Last week’s rally essentially comes down to the known and the unknown, and in this case the unknown is a positive. The knowns are negatives. One such known is that the sudden stop in economic activity caused by the implementation of containment measures caused a global recession. I don’t think investors are waiting for confirmation, they just know.
The unknowns are positive. There are signs that the pace of new infections is peaking and announcements that governments are working on plans to reopen the economies. Domestically, the U.S. administration released new federal guidelines to reopen the economy in different phases.
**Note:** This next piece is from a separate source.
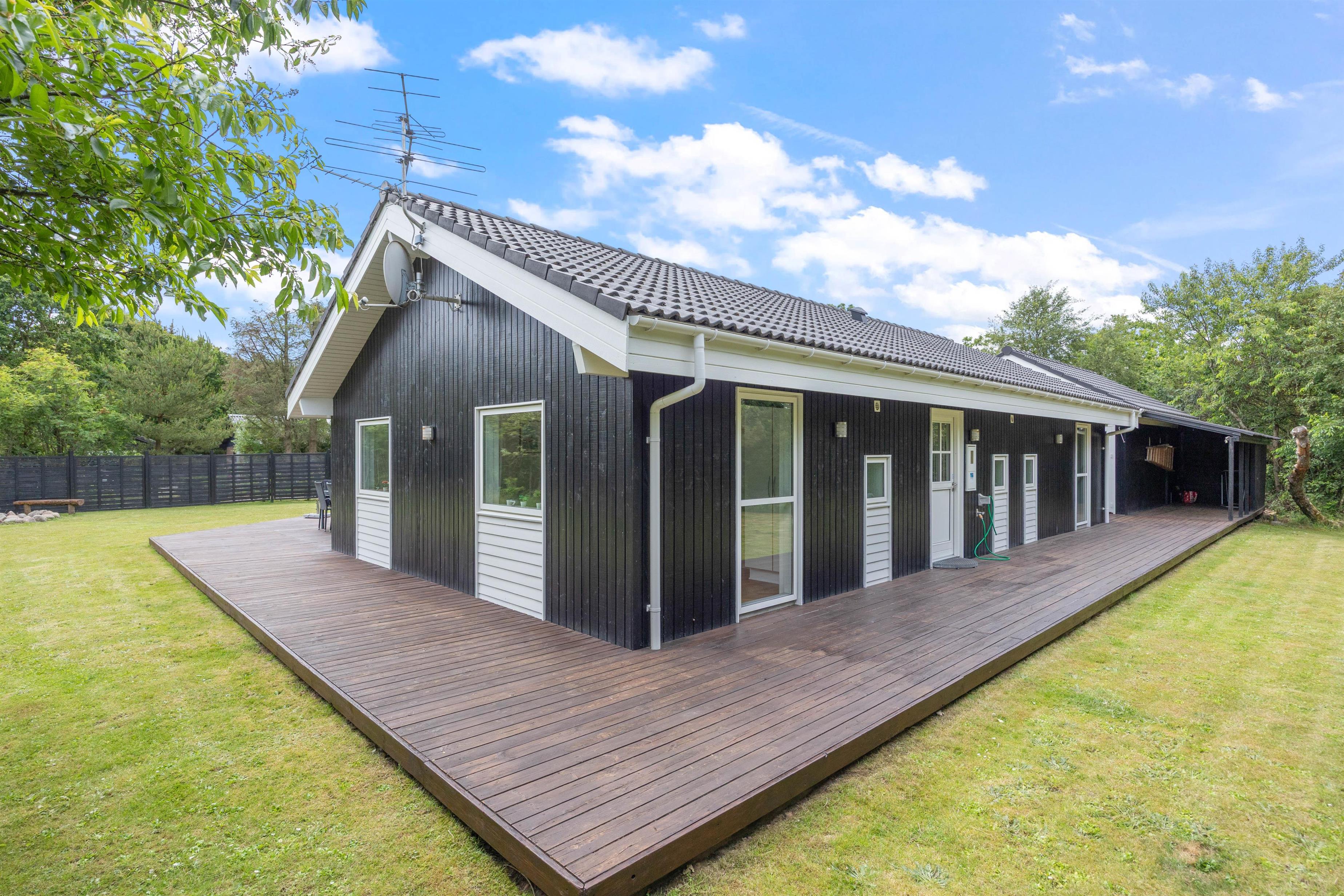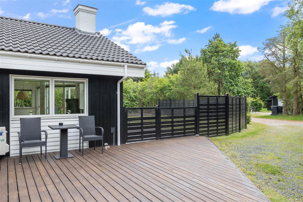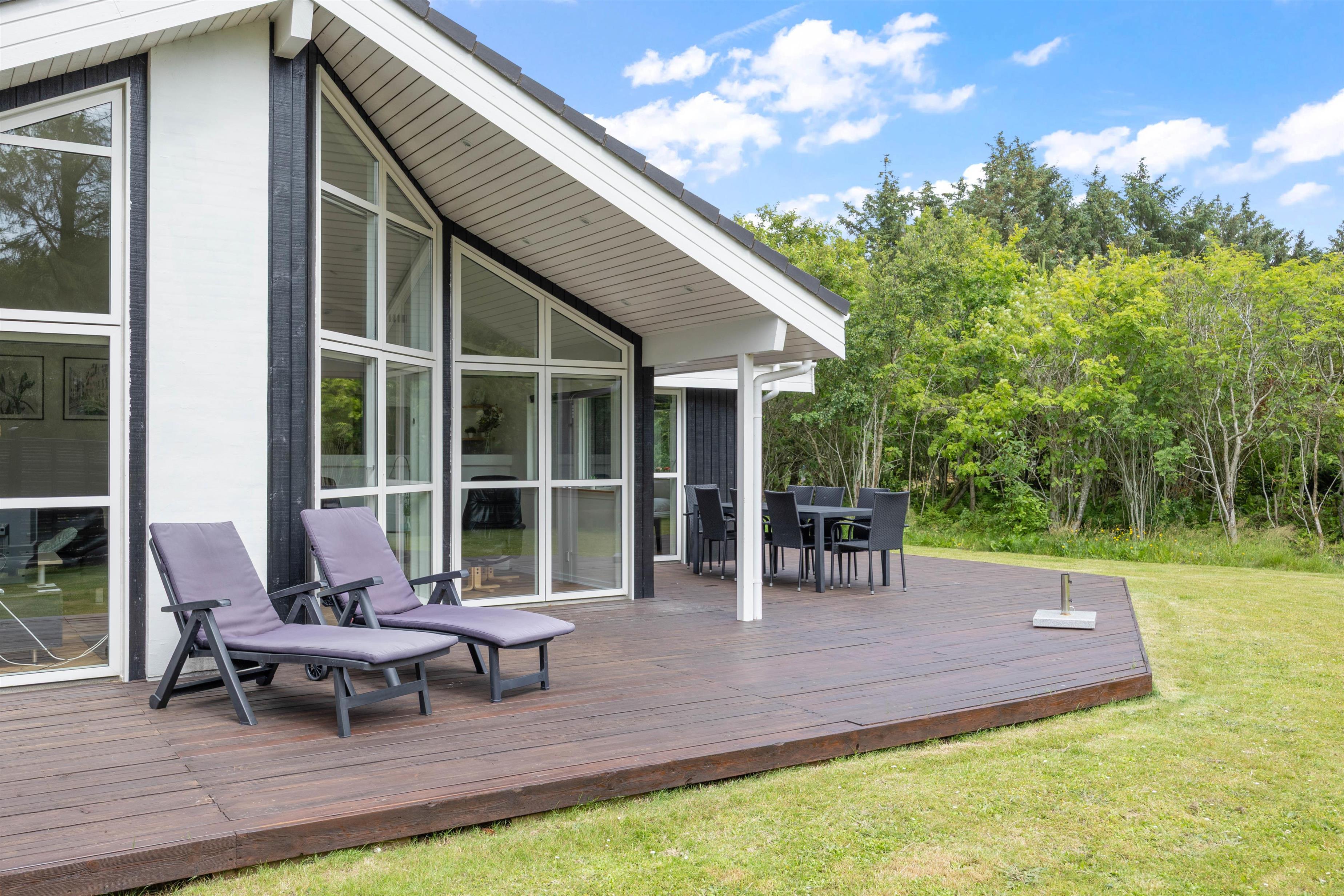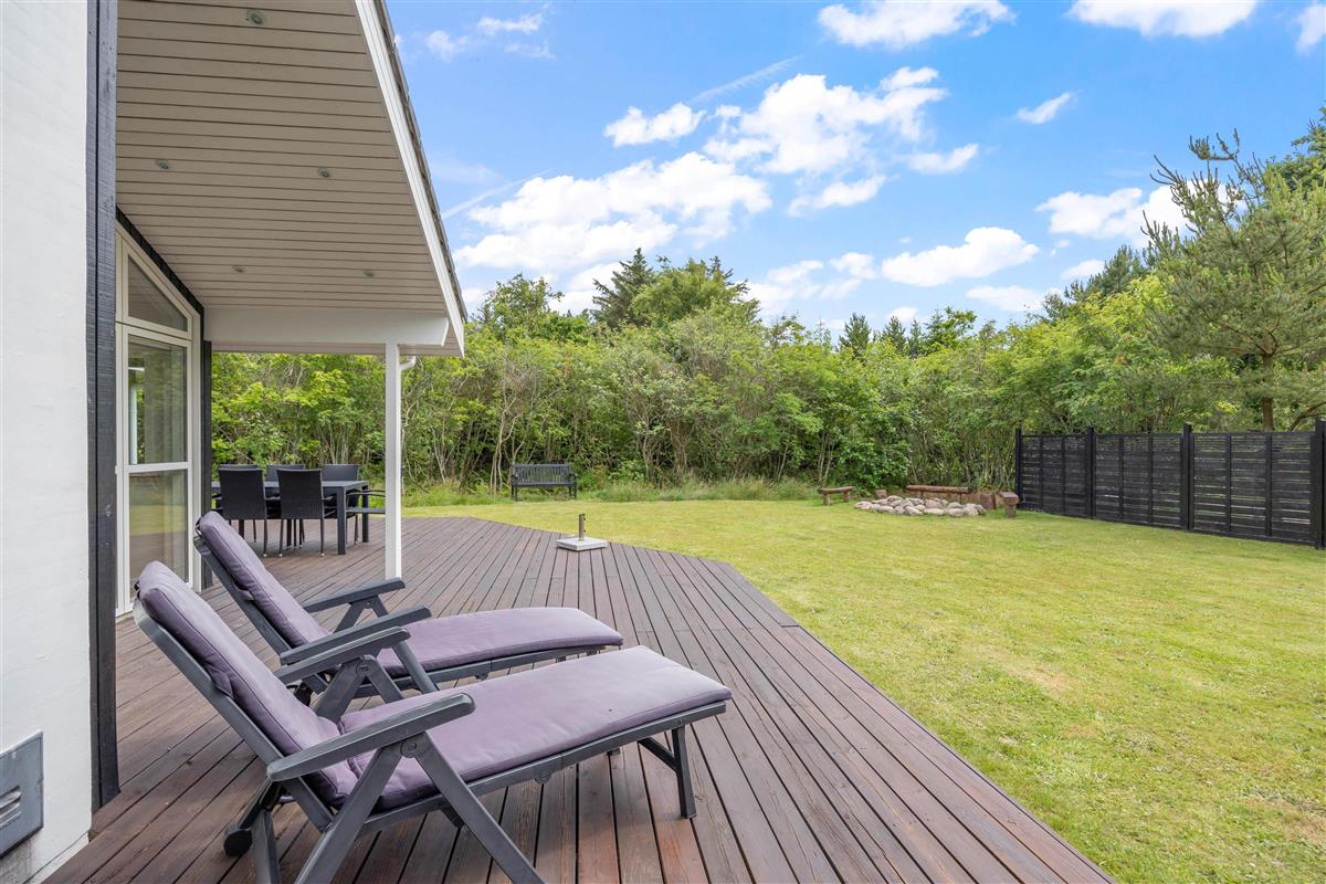 The large wooden terrace offers plenty of sunny spots, with a covered section providing welcome shade when needed. Around the holiday home, you'll find several cosy corners perfect for settling down with an exciting book or cup of coffee in peace.

Globally, Germany announced tentative steps to ease restrictions.
Last week, the benchmark S&P 500 Index settled at 2874.56, up 84.74 or +3.04%. The blue chip Dow Jones Industrial Average finished at 24242.49, up 523.12 or +2.21% and the technology-based NASDAQ Composite closed at 8650.14, up 496.56 or +6.09%.
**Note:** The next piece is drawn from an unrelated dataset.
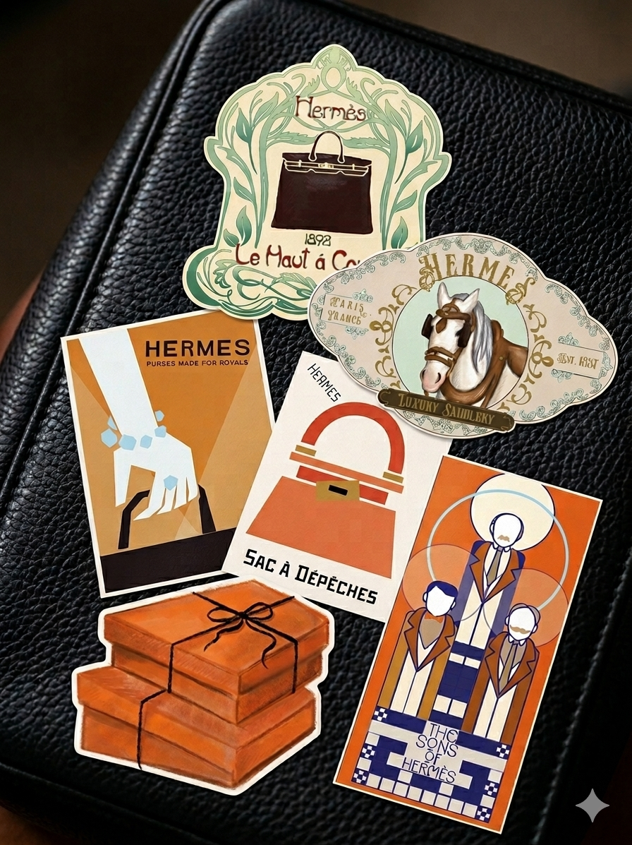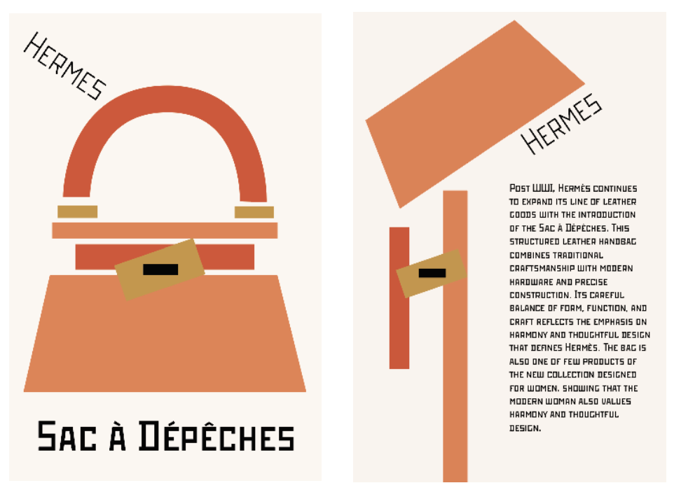 By combining the novelty of ephemera with distinct design eras, the project applies period-specific typography, visual elements, and compositions to reinterpret Hermès’ legacy. The sticker series, in particular, functions not only as an ephemeral item but also as a nod to Jane Birkin, whose use of stickers on her handbag reflected her political activism—similarly, these designs communicate broader messages while informing viewers about historical design movements.

U.S. Economic Data – The Bad News Continues
U.S. retail sales suffered a record drop in March and output at factories declined by the most since 1946, buttressing analysts’ views that the economy contracted in the first quarter at its sharpest pace in decades as extraordinary measures to control the spread of the novel coronavirus shut down the country.
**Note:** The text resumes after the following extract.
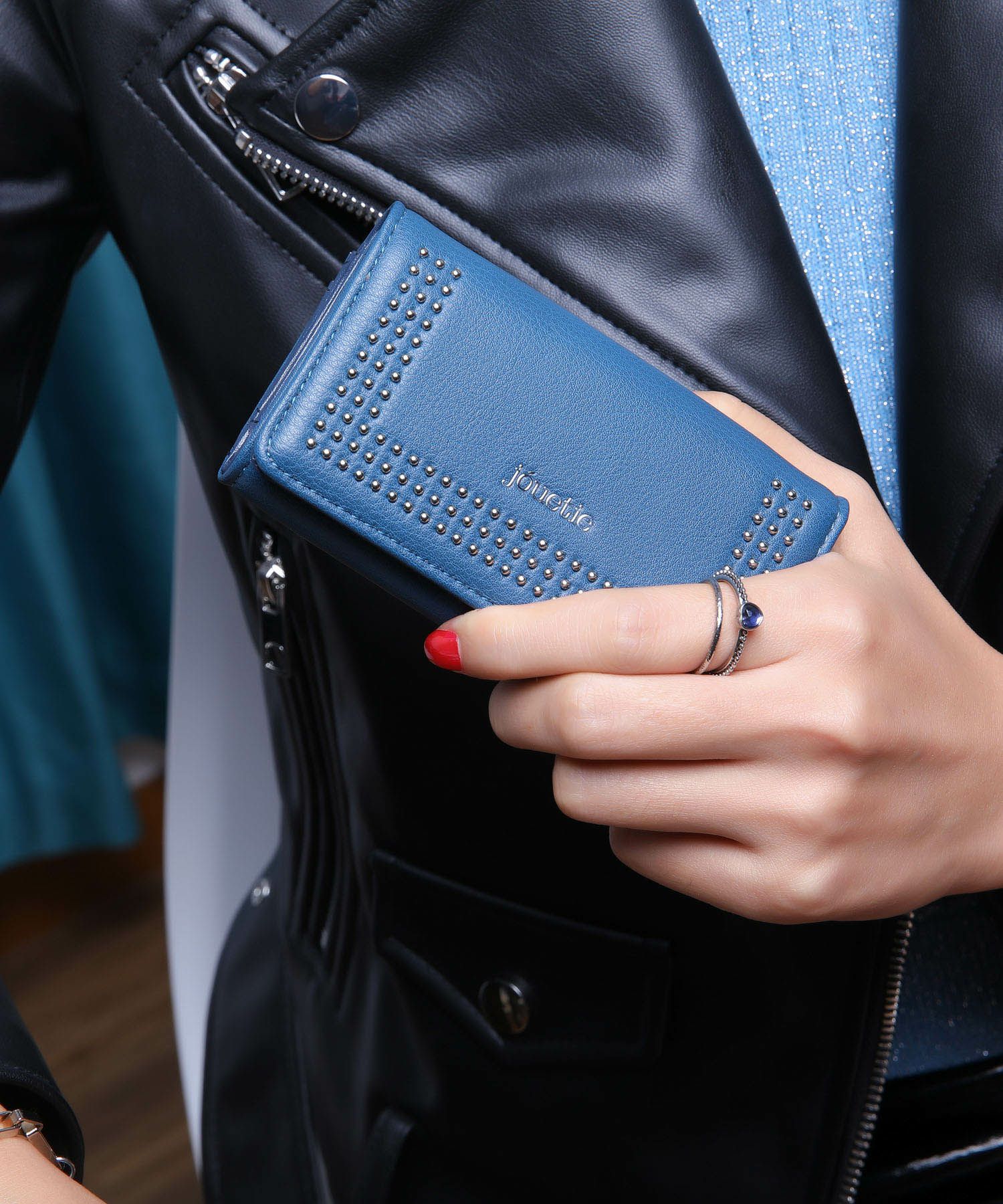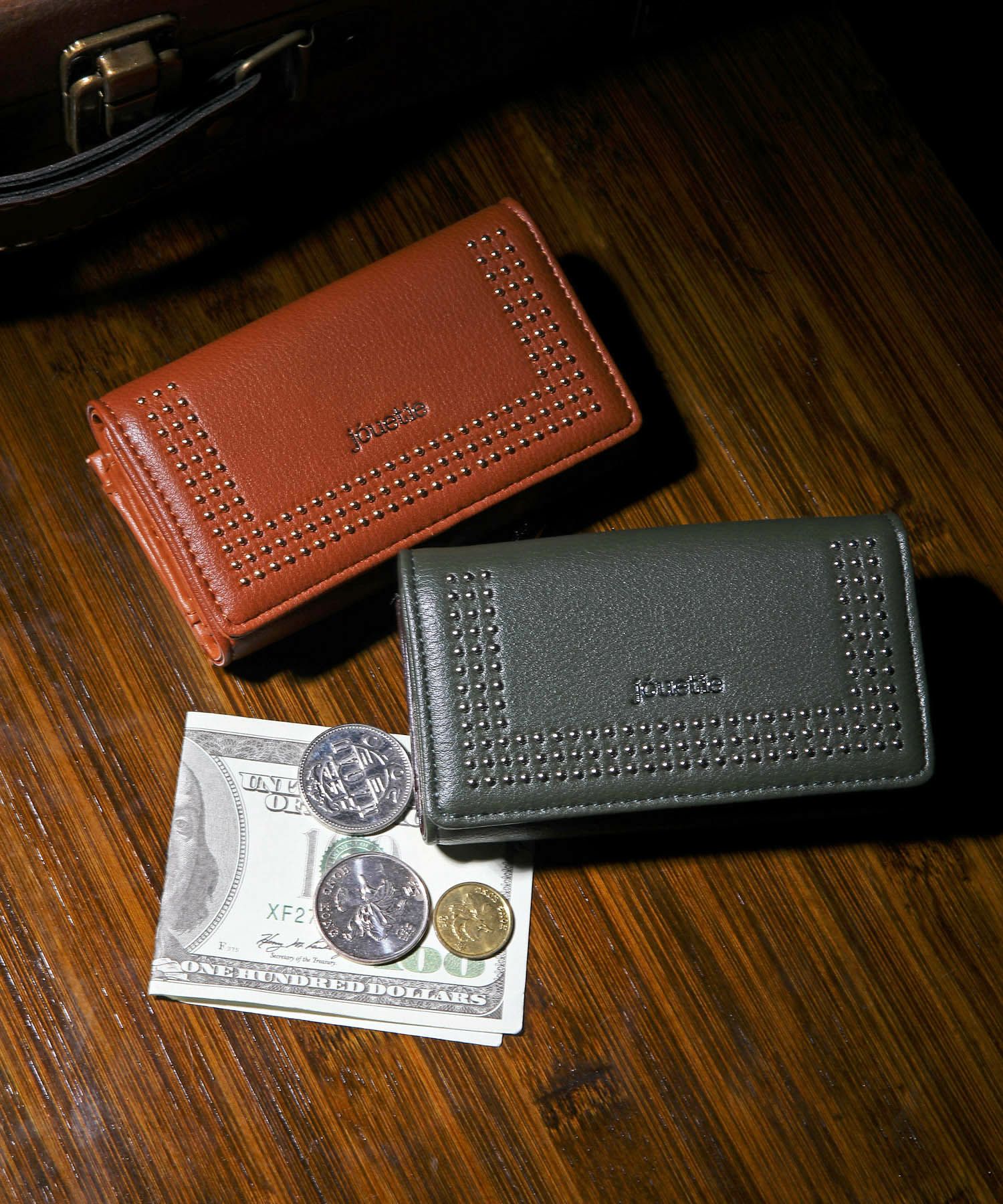 シンプルをベースにjouetieのロゴとマイクロスタッズがアクセントのキーケース。

Retail Sales plunged 8.7% last month, the biggest decline since the government started tracking the series in 1992, the Commerce Department said. Economists polled by Reuters had forecast retail sales tumbling 8.0% in March. Compared to March last year, retail sales dropped 6.2%.
The $46.2 billion decrease in sales in March was almost equal in a single month to the $49.1 billion peak-to-trough decline that unfolded over 16 months in the Great Recession.
Economists are forecasting consumer spending plunging at an annualized rate of at least 17.0% in the first quarter, which would be the weakest performance since record keeping started in 1947.
Economists also see no respite for consumer spending in the second quarter, with estimates as deep as a 41% rate of decline, despite a historic $2.3 trillion fiscal package, which made provisions for cash payments to some families and boosted unemployment benefit checks. About 22.0 million people have filed claims for unemployment benefits since March 21.